The remaining steps remain identical to the previously shown alternative.

```{r}
fitSepTF = importPosteriorFromHPC(m, chainList, nSamples, thin, transient)
plotVariancePartitioning(fitSepTF, computeVariancePartitioning(fitSepTF), args.legend=list(x="bottomright"))
```

# Running Hmsc-HPC in a cluster

Different computational clusters greatly diverge in how software and scripts are run, both in terms of execution characteristics and in user interface. Thus, it is close to impossible to properly cover all the alternatives related to how Hmsc-HPC can be run in HPC that the particular user is interested and has access to. Therefore, we focus on how we have done it with the HPC under Slurm cluster management and job scheduling system, which is used at the supercomputers maintained by CSC (Finland) that provided HPC resources for this research project.

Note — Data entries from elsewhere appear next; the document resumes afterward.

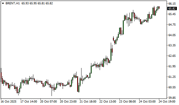 Vývoj ceny ropy Brent (1hodinový graf - H1):
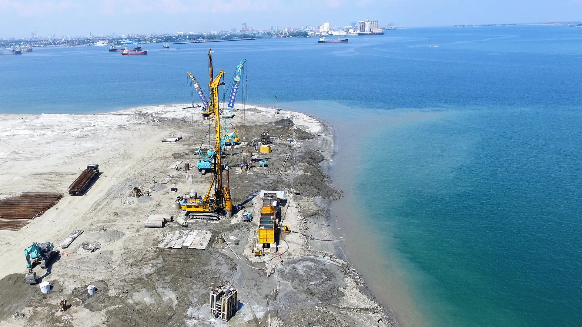 The city of Makassar is set to become a central city for eastern Indonesia. The existing port therefore needed to be expanded to support logistics traffic. To realize this project, Pelindo IV, the Indonesian port authority, planned the construction of a new port on a newly reclaimed island about 2 km off the coast of Makassar. This port has a total depth of 16 m to handle large cargo ships, making it the largest in eastern Indonesia. For the so-called 1A phase, our experts from Bauer Indonesia were commissioned for the first 500 meters. The new island was backfilled with sand and the piling works consist of 880 mm and 1180 mm diameter bored piles and 1180 mm diameter secant piles for a harbor quay wall, with an average drilling length of 28 m from ground level. Double-walled casing was used for this new island project.
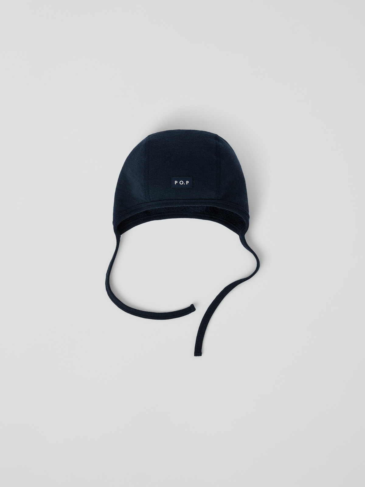 Hjälmmössa för baby i värmande ullfrotté av merinoull – ett måste i kylan! Ullfrottén suger effektivt upp fukt och håller barnet varmt och torrt, den gör även att hjälmen känns lite kraftigare och öglorna i frottén gör att luften cirkulerar. Mössan är sydd med extra mjuka sömmar som inte skaver.
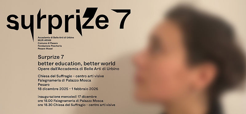 Percorsi che introducono alla scoperta e all’esplorazione del nuovo, aprendo lo sguardo su mondi, alla ricerca di connessioni. La formazione in Accademia di Belle Arti di Urbino approda a Pesaro per la settima edizione di Surprize, la mostra-premio che espone una selezione di lavori di studentesse e studenti, realizzati nei laboratori dell’Istituzione urbinate. Dal 18 dicembre al primo febbraio, saranno accolti in una doppia sede espositiva: la Falegnameria di Palazzo Mosca e la chiesa del Suffragio – Centro Arti Visive Pescheria.
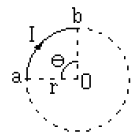 [전기자기학] 그림과 같이 반지름 r[m]인 원의 임의의 2점 a,b(각 θ) 사이에 전류 I[A]가 흐른다. 원의 중심 0의 자계의 세기는 몇 [A/m]인가?
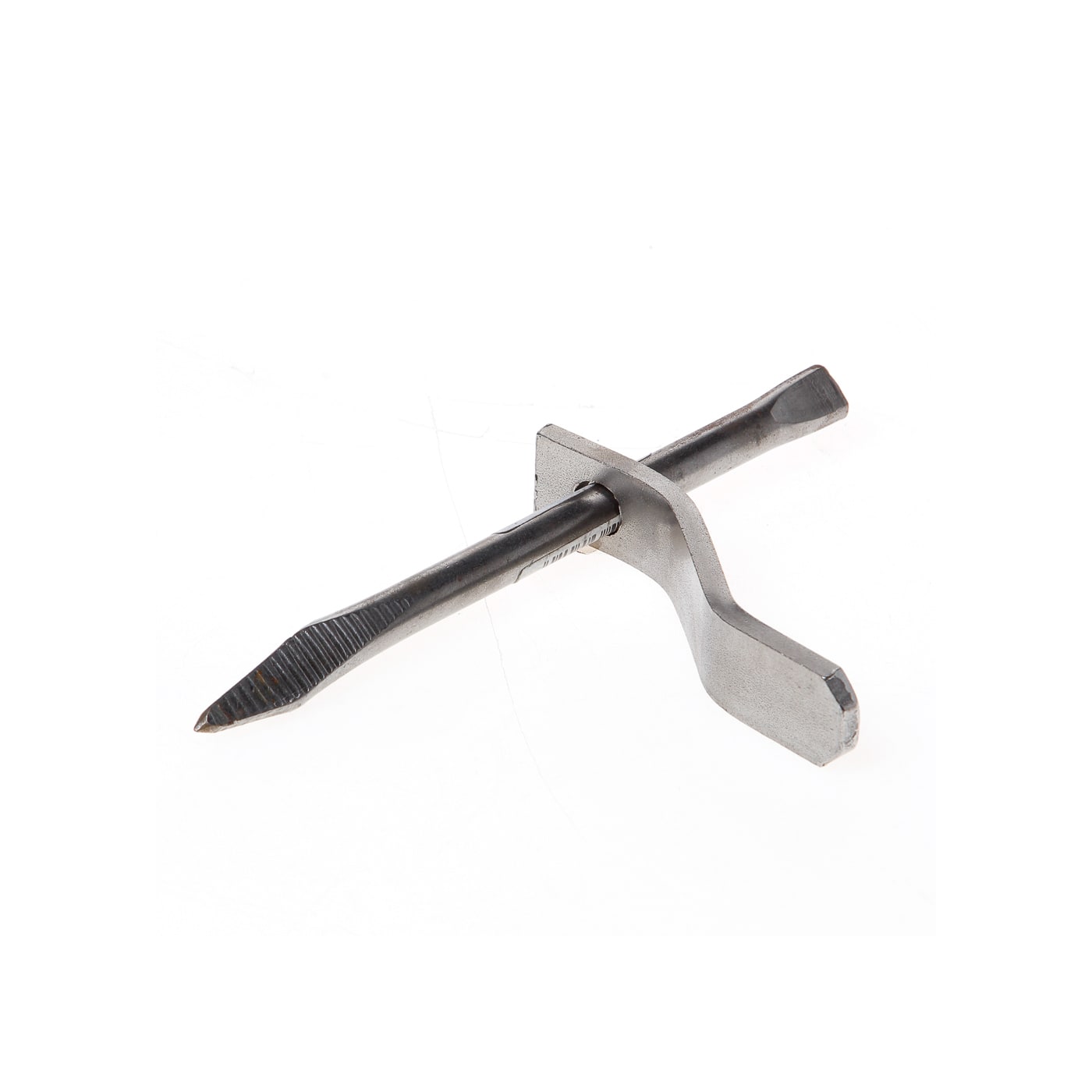 Doorsnede van de haak is halve maan, zodat de klem niet kan draaien op de slagpen.
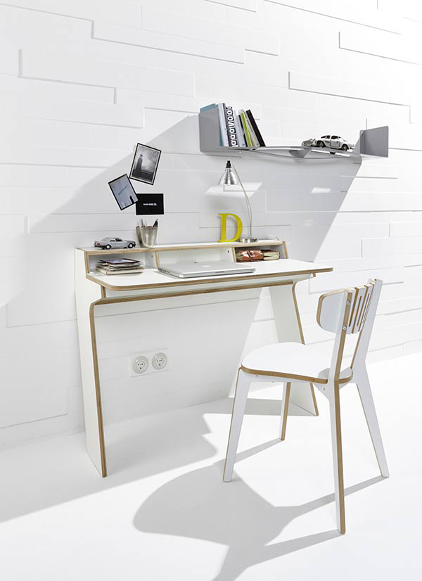 很多人都经常抱怨自己的生活空间太小,很多东西都放不下,其实如果能合理的运用自己的空间,你会感觉自己的空间慢慢的变得宽敞。Leonhard Pfeifer设计的这个节省空间斜桌可以靠在任何一个墙面使用,桌面虽然不大,但是每一块空间都能很好的被利用。纯白色的设计,会让你感觉更加的宽敞,倾斜的桌腿会给人一种向外扩充的感觉。
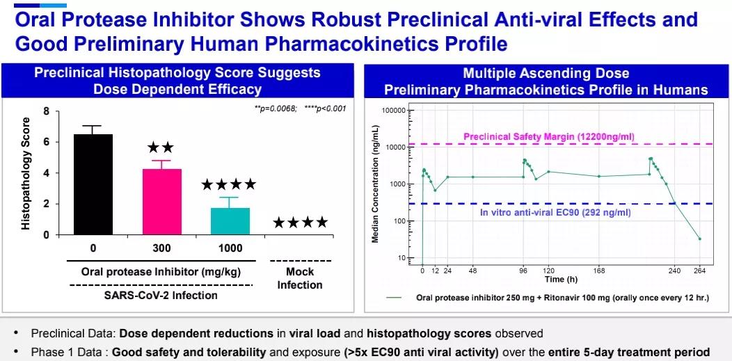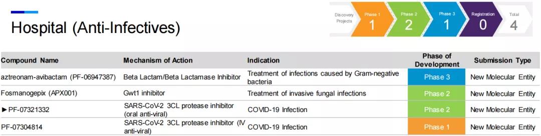 在抗感染领域,辉瑞开发的小分子口服COVID-19疗法PF-07321332是一款3CL蛋白酶抑制剂,3CL蛋白酶在多种冠状病毒的生命周期中起到重要作用。在临床前研究中,该疗法对SARS-CoV-2表现出有效的抗病毒活性,且对于多种冠状病毒以及已知的SARS-CoV-2变异毒株也具有抗病毒活性,1期临床试验数据显示它具有良好的安全性和耐受性,在为期5天的疗程中,药代动力学数据显示该口服药物具有良好的安全性、耐受性和抗病毒效果。辉瑞已经在2021年7月启动2/3期临床试验,预计在2021年第四季度在美国递交EUA申请。
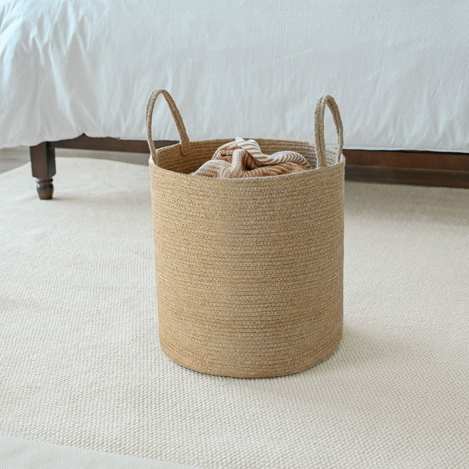 Jute Laundry Basket with Handles – Round Woven Storage Basket
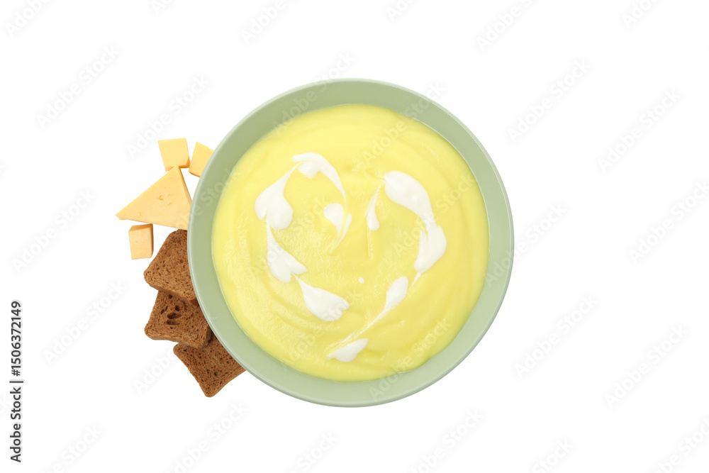 PNG,Cheese soup in a bowl with croutons, isolated on white background
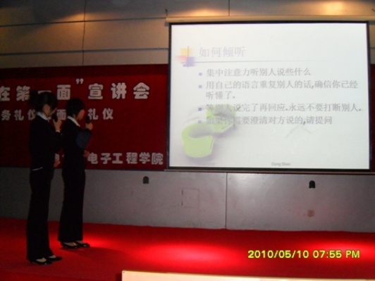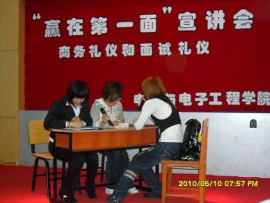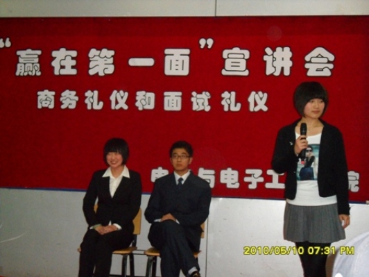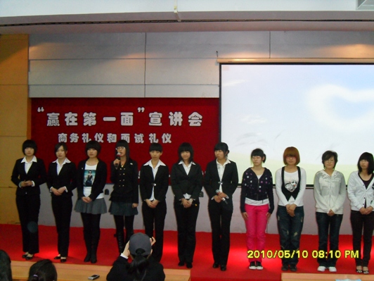 赢在第一面 ——公司举行商务礼仪和面试礼仪宣讲会 2010年5月10日晚7点整,公司在公司南湖校区综合报告厅举办了题为“赢在第一面”——商务礼仪和面试礼仪宣讲会。讲座由公司女生部部长张杨主持。
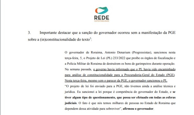 O documento destaca que a sanção do governador de Roraima ocorreu sem a manifestação da Procuradoria-Geral do Estado sobre a inconstitucionalidade do texto. “Na semana passada, o governo havia informado que o PL havia sido encaminhado para análise de constitucionalidade para a Procuradoria-Geral do Estado. Nesta terça-feira, mesmo sem o parecer da PGE, o governador sancionou o PL”, afirma trecho da ADI.

### Script for parallel execution of chains

The following script is an example to be run with `sbatch` command from the login node of the cluster.

```{bash eval=FALSE}
#!/bin/bash
#SBATCH --account=project_123456789
#SBATCH --ntasks=1
#SBATCH --cpus-per-task=4
#SBATCH --mem-per-cpu=32G
#SBATCH --gpus-per-node=1
#SBATCH --time=00:15:00
#SBATCH --partition=small-g
#SBATCH --array=0-3

module load tensorflow/2.12
# pip install hmsc ...

SAM=${1:-100}
THIN=${2:-10}

input_path="init_file.rds"
output_path="post_file.rds"
output_path=$(printf "post_chain%.2d_file.rds" $SLURM_ARRAY_TASK_ID)

srun python3 -m hmsc.run_gibbs_sampler --input $input_path --output $output_path --samples $SAM --transient $(($SAM*$THIN)) --thin $THIN --verbose 100 --chain $SLURM_ARRAY_TASK_ID
```

Note that the `#SBATCH` settings in the header of the script and the module environment will be different depending on the supercomputer used, so please consult the help webpage or IT support of the HPC resource that you intend to use. This presented script was used for runs in LUMI supercomputer.